- TASK OBJECTIVE -
Take the line that contains "Nina Canacci 1095" and each line after it to the end of the data below, and set them down exactly, omitting pictures.

- THE INPUT -

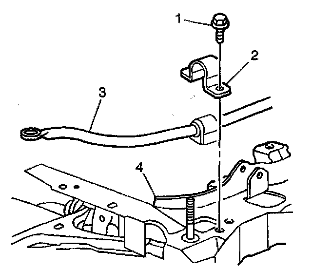9. Remove the bolts (1) from the insulator brackets (2) attaching the stabilizer shaft (3) to the crossmember (4).
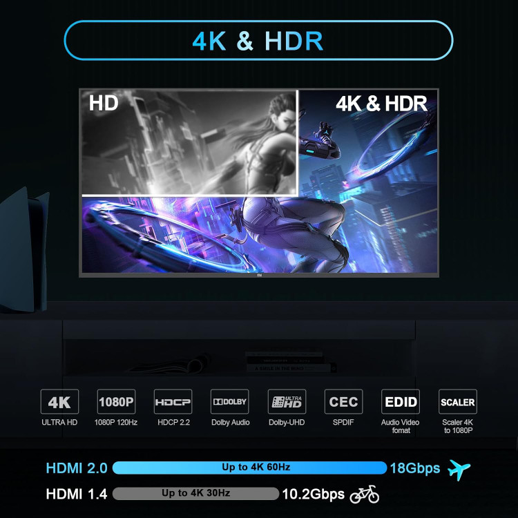 ⚡ پهنای باند بالا (18 Gbps) برای انتقال روان تصویر
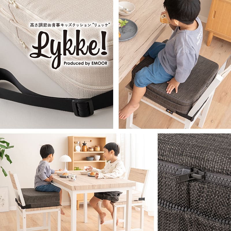 「リュッケ」は高さを3段階で調整できるお食事クッションで、成長に合わせて長く使えます。
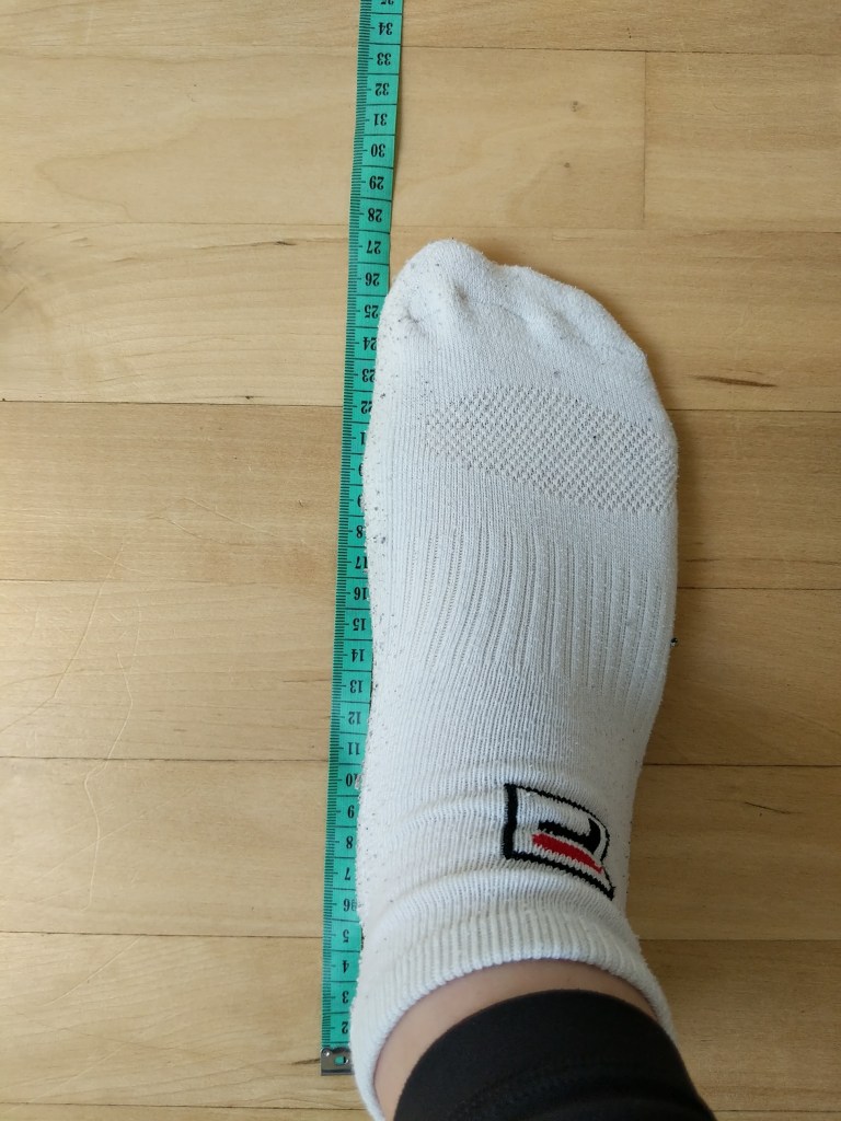 Feet is challenging because it is arguably where sizing varies the most across brands. I prefer to use European sizing for shoes because it is unisex. There’s a few things that matter for your feet. Take all of these measurements with your feet flat against the floor while wearing your typical socks. Standing is best but feel free to crouch over like a crab.
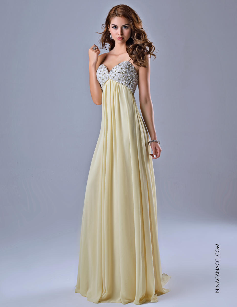 Nina Canacci 1095 is a flowing chiffon babydoll formal prom dress. Featuring a Heavily embellished & Pearl accented bodice with spaghetti straps. cutout back with embellished back strap. Stunning pastel colors. sweeping train
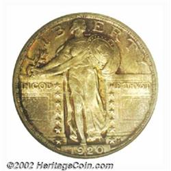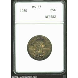1920 25C MS67 ANACS. The borders have rich coffee-gold patina, while the centers have lighter golden-brown color. A lustrous Superb Gem that has virtually pristine surfaces. While the leaf sprigs on Liberty's head are not fully struck, her waist and shield has exceptional detail, as does the breast of the eagle. Important notice: We expect to be auctioning lots at the rate of 200-250 per hour. Sometimes eBay Premier live bid software cannot keep up with that pace, so we strongly recommend that you place a realistic proxy bid now as insurance to avoid disappointment. Also please note that all Heritage/CAA lots purchased through eBay Premier carry a 20% Buyer's Premium. Please make sure you read the Terms and Conditions.

- SOLUTION TO THIS EXERCISE -
 Nina Canacci 1095 is a flowing chiffon babydoll formal prom dress. Featuring a Heavily embellished & Pearl accented bodice with spaghetti straps. cutout back with embellished back strap. Stunning pastel colors. sweeping train
1920 25C MS67 ANACS. The borders have rich coffee-gold patina, while the centers have lighter golden-brown color. A lustrous Superb Gem that has virtually pristine surfaces. While the leaf sprigs on Liberty's head are not fully struck, her waist and shield has exceptional detail, as does the breast of the eagle. Important notice: We expect to be auctioning lots at the rate of 200-250 per hour. Sometimes eBay Premier live bid software cannot keep up with that pace, so we strongly recommend that you place a realistic proxy bid now as insurance to avoid disappointment. Also please note that all Heritage/CAA lots purchased through eBay Premier carry a 20% Buyer's Premium. Please make sure you read the Terms and Conditions.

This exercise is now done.